Because of a lack of available financial information, the country's level of corruption is difficult to measure. Monaco was not ranked by Transparency International in its 2005 Corruption Perceptions Index. Monaco remains on the OECD's list of uncooperative tax havens. However, the country is one of five non-EU tax havens that have agreed to adopt measures to combat harmful tax competition. Starting in July 2005, the government will apply a withholding tax to accounts in Monaco held by European citizens from EU member states. Most of the revenue from this tax will go back to the EU member state where the saver resides.

The media in Monaco are free and independent. The constitution provides for freedom of speech and the press, although the penal code prohibits denunciations of the ruling family. Internet access is not restricted.

The constitution provides for freedom of religion. However, Roman Catholicism is the state religion and Catholic ritual plays a role in state festivities. There are no laws against proselytizing by formally registered religious organizations, although to do so is strongly discouraged. There are no restrictions on academic freedom. The country has only one institution of higher education, the University of Monaco, a private university that offers degrees in business administration only. Monegasque students are eligible to enter French and other postsecondary educational institutions on the basis of specific agreements.
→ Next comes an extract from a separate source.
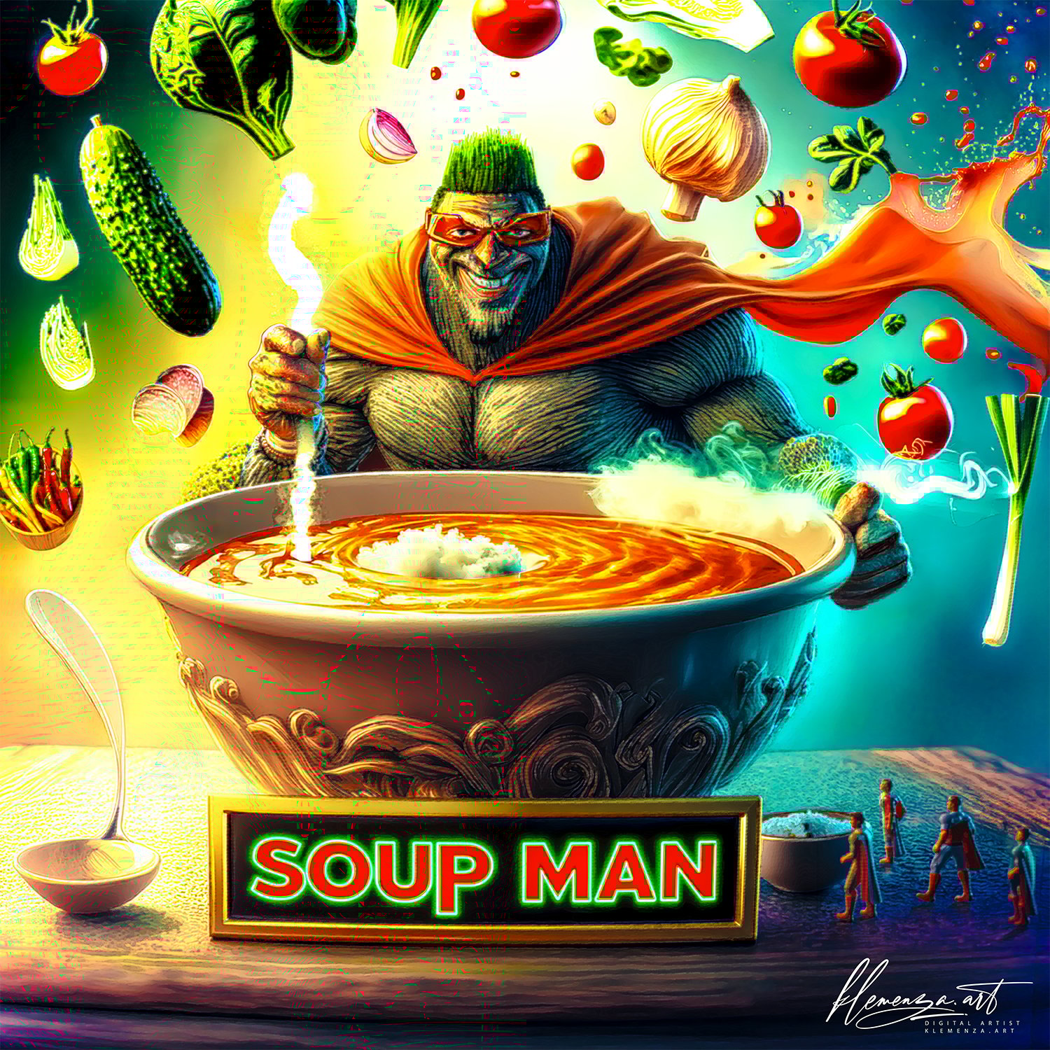 The Narrative Friction: In a world of synthetic comfort and fast-food decay, one hero remains standing by the cauldron. SOUP MAN is the ultimate guardian of the human engine. Using a high-octane blend of spinach, tomatoes, and mushrooms, he brews the antidote to the modern malaise. Look closely at the table: even the "traditional" superheroes are standing in line, waiting for their dose of real vitamins and minerals. This is not just soup; it is a tactical deployment of health. From the schools in Cannes to the kindergartens of the world, SOUP MAN is on a mission to replace the hamburger with the haptic grit of real nutrients.

The government provides grants for higher education students to study foreign languages abroad.

The constitution provides for the freedom of assembly, and the government respects this right. No restrictions are imposed on the formation of civic and human rights groups. Although outdoor meetings require police authorizations, there were no reports that the government withheld authorization for political reasons. Workers have the legal right to organize and bargain collectively, although they rarely do so. Only 10 percent of the workforce is unionized. All workers except those in the government have the right to strike.

The legal right to a fair public trial and an independent judiciary is generally respected. The judicial system is based on French legal code. The constitution requires that the head of state delegate his judicial powers to the judiciary. The prince names the five full members and two judicial assistants to the Supreme Court on the basis of nominations by the National Council and other government bodies. Prisons generally meet international standards. Once prisoners receive definitive sentences, they are transferred to a French prison.

The constitution differentiates between the rights of nationals and those of noncitizens. Of the estimated 32,000 residents in the principality, only about 7,000 are actual Monegasques, who alone may participate in the election of the Conseil National. Monegasques also benefit from free education, unemployment assistance, and the right to hold elective office. As long as they secure a residence permit, noncitizens are free to purchase real estate and open a business in Monaco.

A woman can lodge criminal charges against a husband for domestic violence, and women generally receive equal pay for equal work. Although naturalized male citizens in Monaco can transfer citizenship, naturalized female citizens cannot. Also, women who become naturalized citizens by marriage cannot run as candidates in elections until five years after the marriage. There were no reports of trafficking in persons into, from, or within Monaco during the year.